In the data below, set down exactly the lines from the one containing "T5- Black Dial" up to and including the one containing "两个人是在打球的时候被拍到的". Leave the pictures out.

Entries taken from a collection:
━━━━━━━━━━━━━━━━

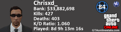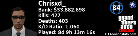 <a href="http://GTAonlinestats.com/showplayer/Chrisxd_"><img src="http://GTAonlinestats.com/dmsignature/Chrisxd_/sig.png" alt="ChrisXD_" border="0" /></a>
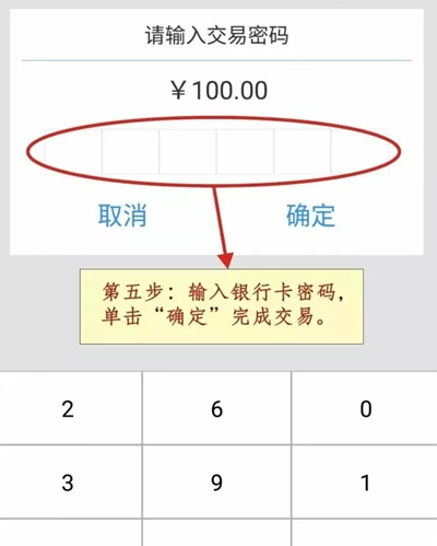 ②. 与设备相连的POS机也会同步显示消费交易的具体金额,持卡人需先核对金额是否正确。确认无误后,将银行卡(芯片面朝上、正面朝内)从POS机右侧的插卡口插入。POS机短暂读取卡片信息后,屏幕会显示该银行卡的卡号,此时在POS机上按下确认键。随后,持卡人需要输入银行卡的支付密码并点击确定,若屏幕提示“交易成功”,则表示此次消费交易已顺利完成。
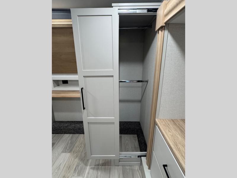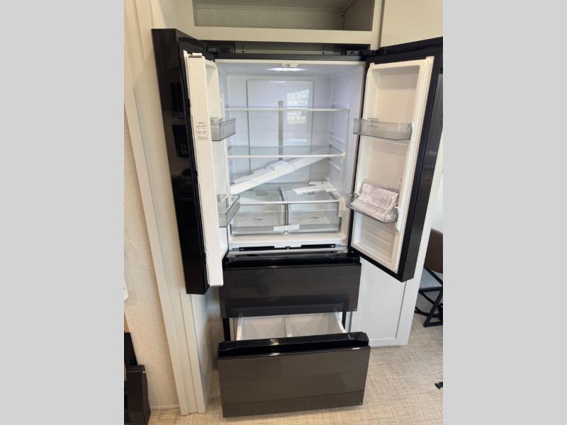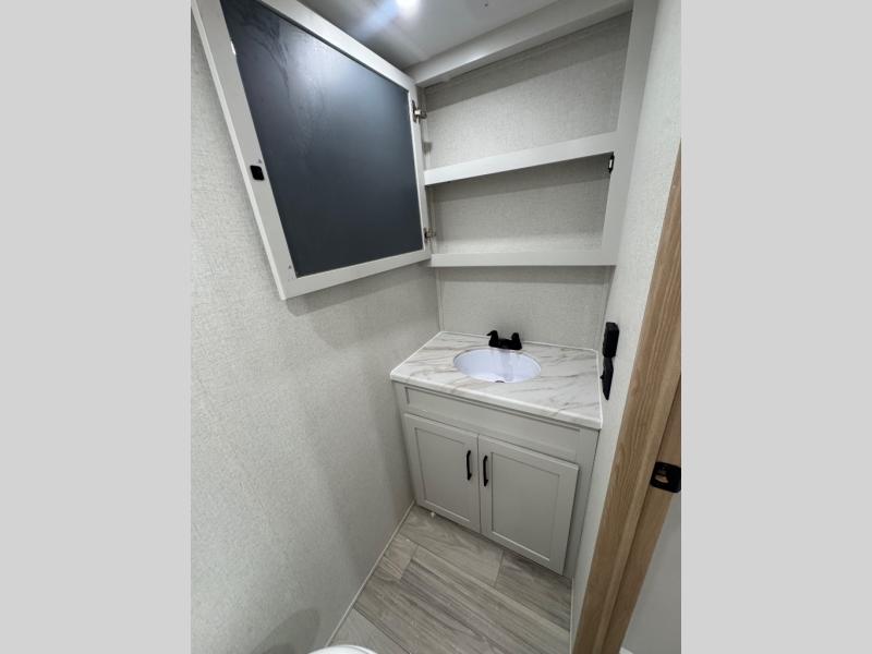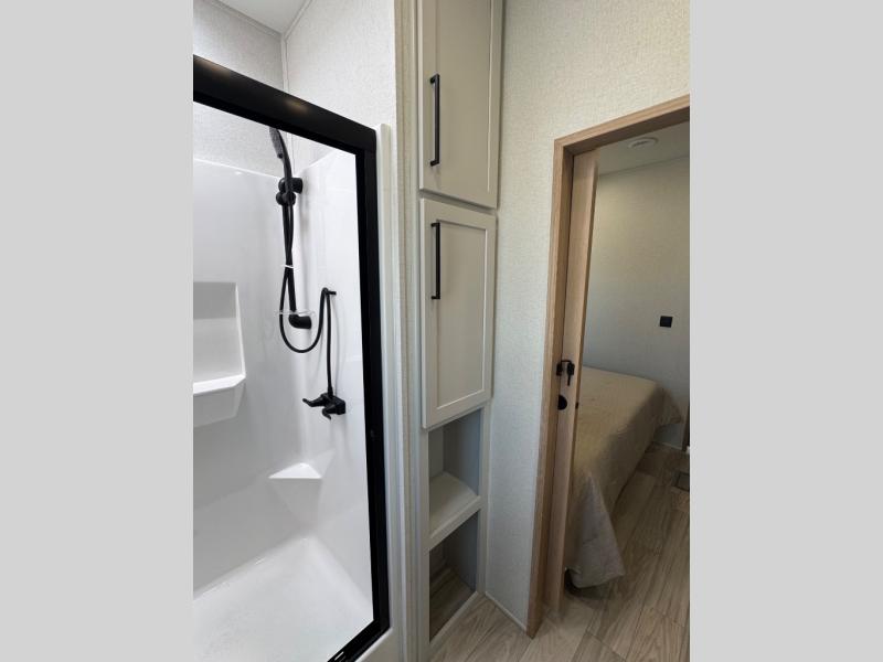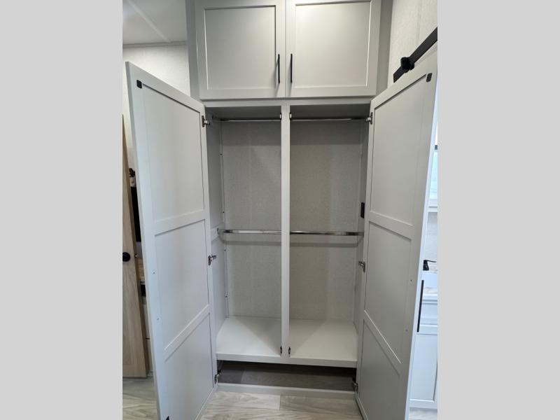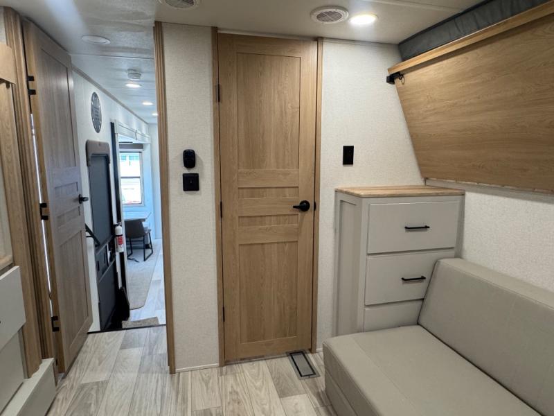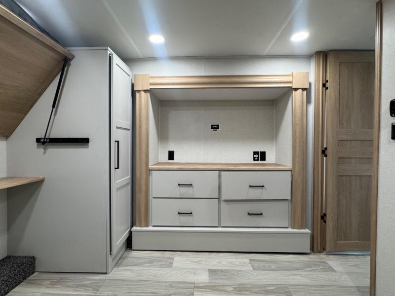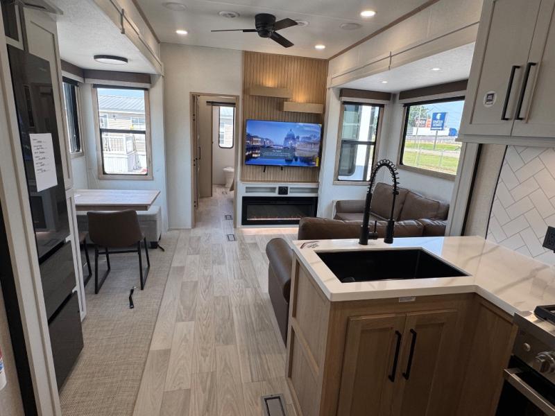 This fifth wheel is thoughtfully designed for comfort and convenience, starting with a spacious front bunkhouse perfect for accommodating guests. It features two flip-up bunks, 28" x 74" and 32" x 74" and a 60" x 74" fold-out lounge, along with a wardrobe, dresser, and additional storage to keep essentials organized. A nearby half bath adds easy access and extra convenience. At the center of the unit, the kitchen offers everything you need to prepare meals, including a stainless-steel sink, three-burner cooktop, and a generous 16 cu. ft. refrigerator. Meals can be enjoyed at the free-standing dinette, or you can unwind on the sectional sofa while enjoying the fireplace or entertainment center. At the rear, you'll find the private main bedroom with a roomy 66" x 80" RV king bed, plus its own wardrobe and dresser. Just steps away is the full bathroom featuring a one-piece fiberglass shower, sink with medicine cabinet, linen storage, and even washer/dryer prep for extended stays.
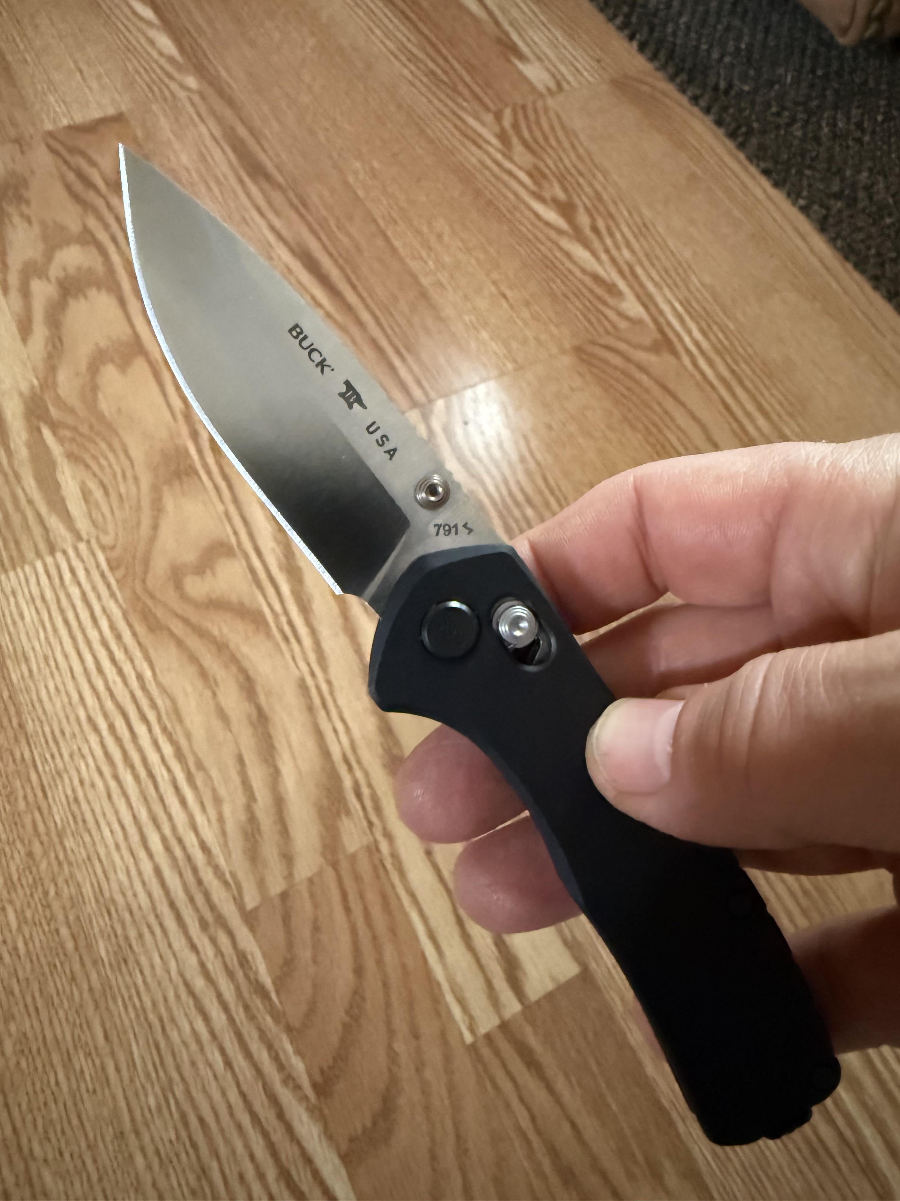 My knife nerd buddy Sean sent me this beaut for Xmas! Anodized aluminum handle with Magnacut. Been a lot of talk about how important heat treatment is, and supposedly Buck has it dialed in on these. The factory grind is awesome and it came razor sharp. Stoked!
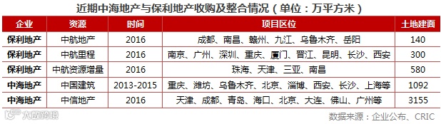 与保利地产不同的是,中海地产早在2013年就与母公司中建宣布了整合,并于2015年最终尘埃落定。中海地产获得了中建338亿元的资产,土地储备近1092万平方米。2016年整合完毕的中海地产,还收购了中信的地产业务,一次性得到了近3155万平方米的巨额土地资源,截止2016年底中海地产(不包括中海宏洋)共拥有土地储备5677万平方米。
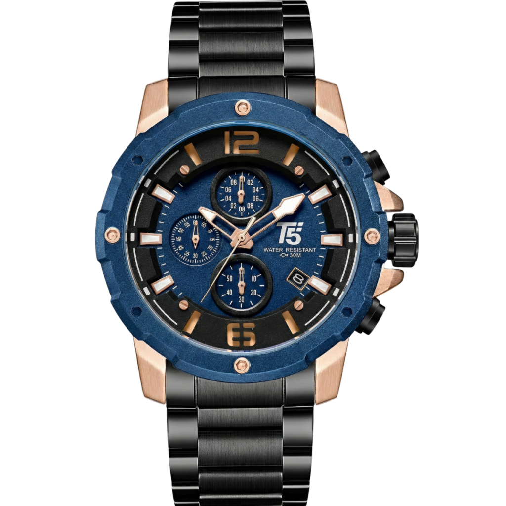 T5- Black Dial Metal Strap chronograph Watch for Men H3815GC
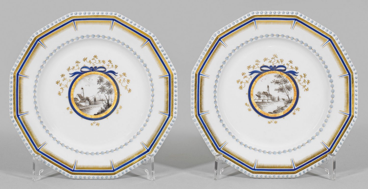 Paar Ansichtenteller aus dem sog. Bayerischen Königsservice Zwölfeckige Form mit reliefiertem Perlfries. Im leicht vertieften Spiegel medaillongerahmte Architekturlandschaft von Schwabing und Neuhausen in Grisaillemalerei. Blau-goldener Randdekor. Manufakturmarke. D. 21 cm.
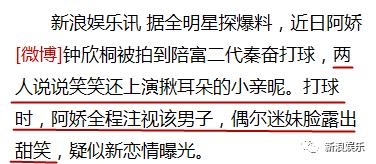 两个人是在打球的时候被拍到的,新闻上说阿娇是不是和男方上演小亲昵,时不时露出迷妹笑容……
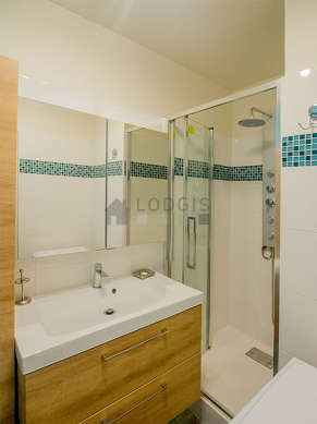 Questo appartamento é equipaggiato di un bagno piacevole e chiaro. Questo bagno é dotato di tutto il necessario per il tuo benessere quotidiano : asciugamani da bagno, doccia, asciugacapelli, sink, radiatore porta asciugamani. Il WC é separato dal bagno ed é situato in un locale indipendente.
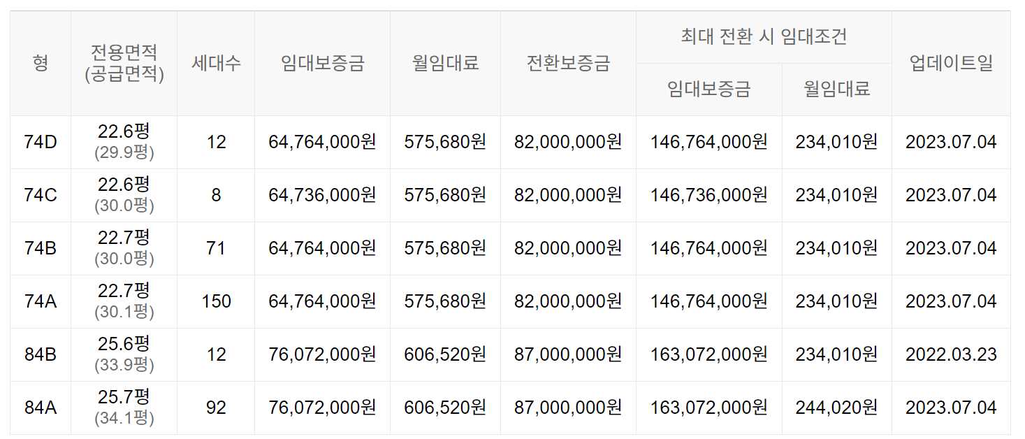 임대보증금 및 월 임대료는 입주자 모집공고일 기준이며, 보증금 최대 전환 시 변동될 수 있습니다.
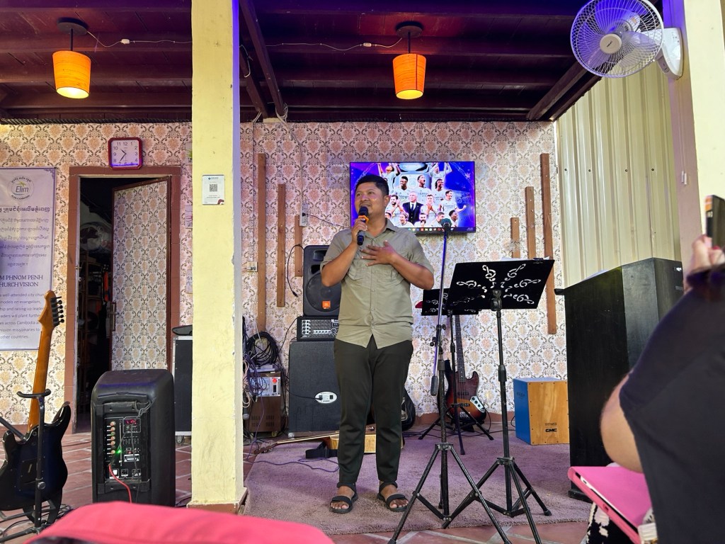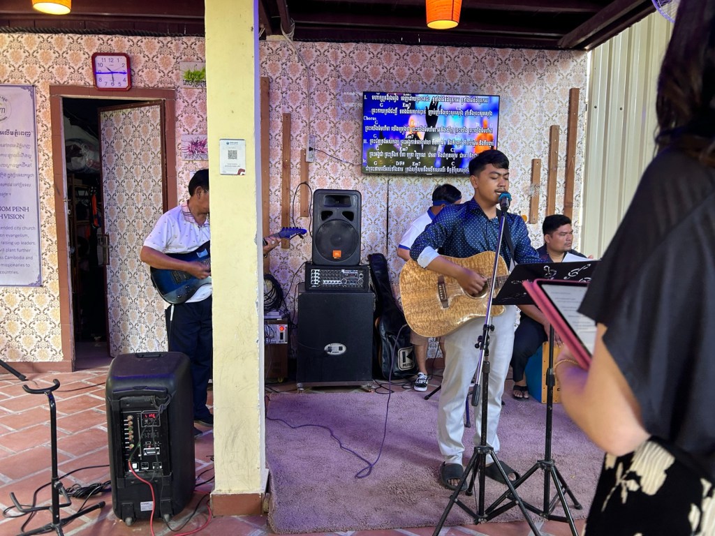 After Sophie opens the meeting (and we introduce ourselves in the most excruciatingly awkward way possible), the band strike up. All of the songs were in the local tongue (Khmer), so it was a blessed relief to get one we knew well for the last song.
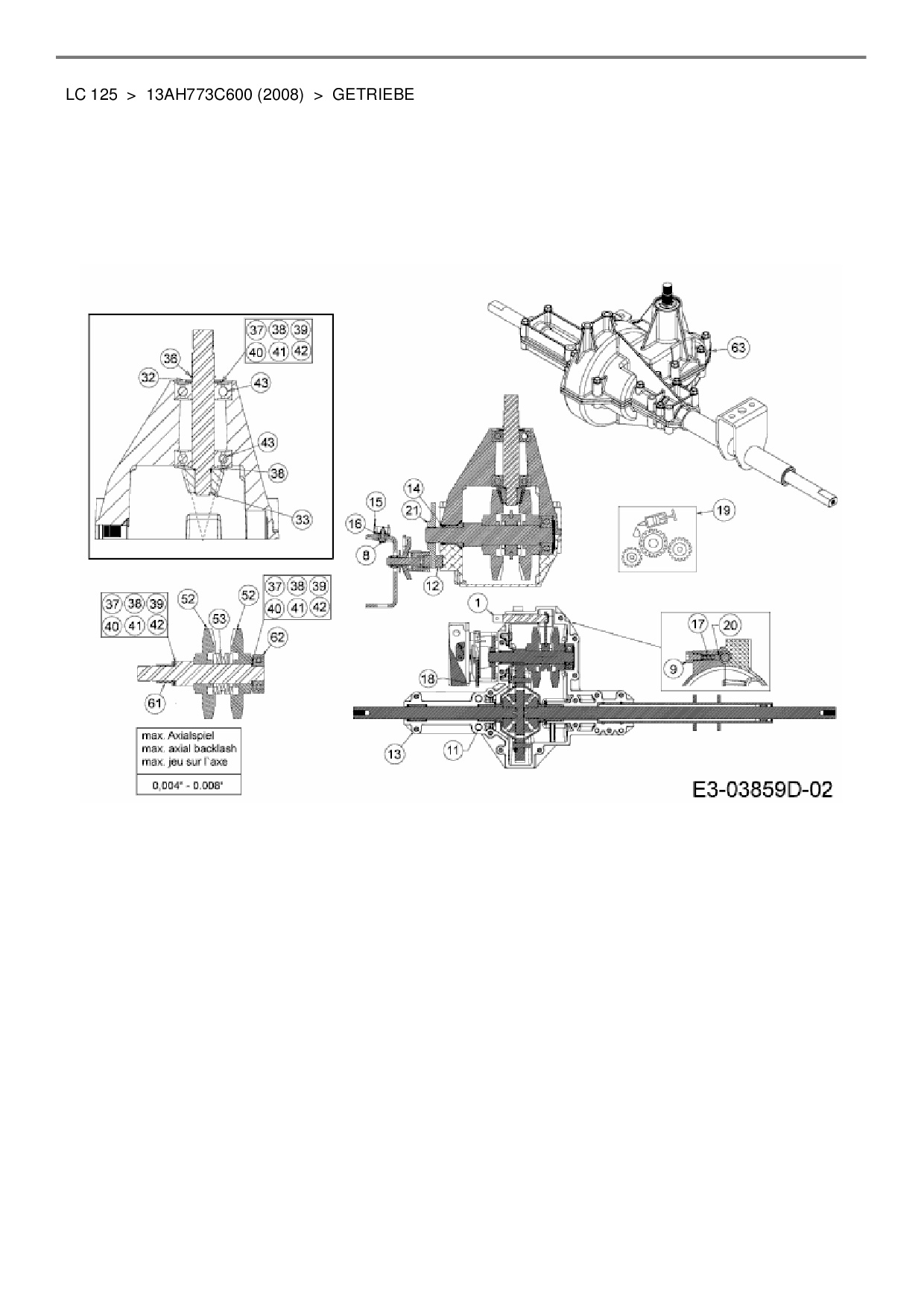 Ersatzteile für Rasentraktor MTD LC 125 aus der Zeichnung Getriebe:
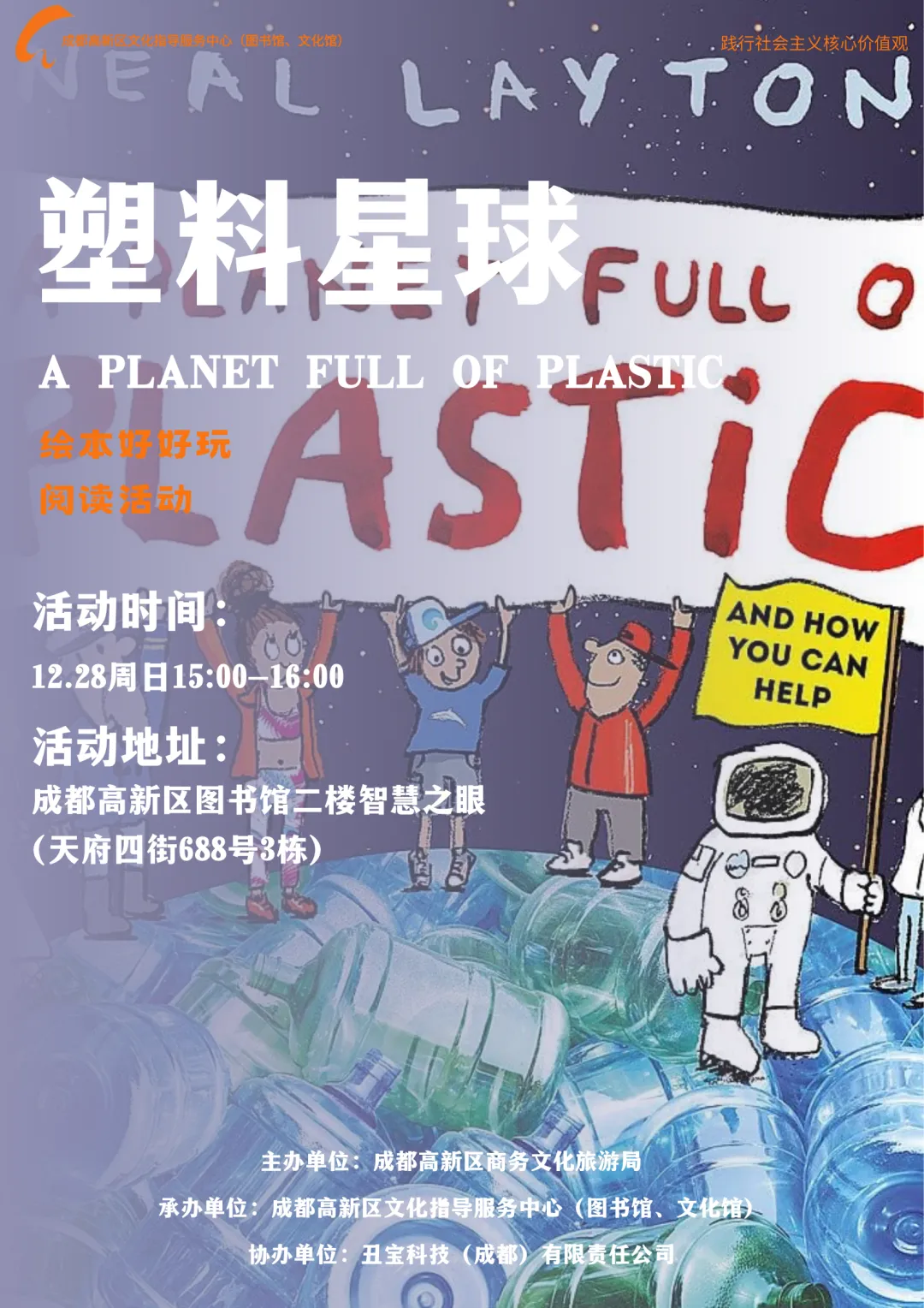 你知道塑料都有哪些存在的形式吗?你知道塑料是谁发明出来的吗?成都高新区图书馆《塑料星球》绘本活动将带领孩子们探索塑料的世界:从贝克兰发明塑料的历史,到生产流程、生态危害与环保方案。通过互动问答、创意实践,启蒙环保意识,在孩子心中播下守护地球的种子。欢迎小朋友们一起来发现、思考、行动,用阅读点亮绿色未来!

━━━━━━━━━━━━━━━━

**Reply**:
 T5- Black Dial Metal Strap chronograph Watch for Men H3815GC
 Paar Ansichtenteller aus dem sog. Bayerischen Königsservice Zwölfeckige Form mit reliefiertem Perlfries. Im leicht vertieften Spiegel medaillongerahmte Architekturlandschaft von Schwabing und Neuhausen in Grisaillemalerei. Blau-goldener Randdekor. Manufakturmarke. D. 21 cm.
 两个人是在打球的时候被拍到的,新闻上说阿娇是不是和男方上演小亲昵,时不时露出迷妹笑容……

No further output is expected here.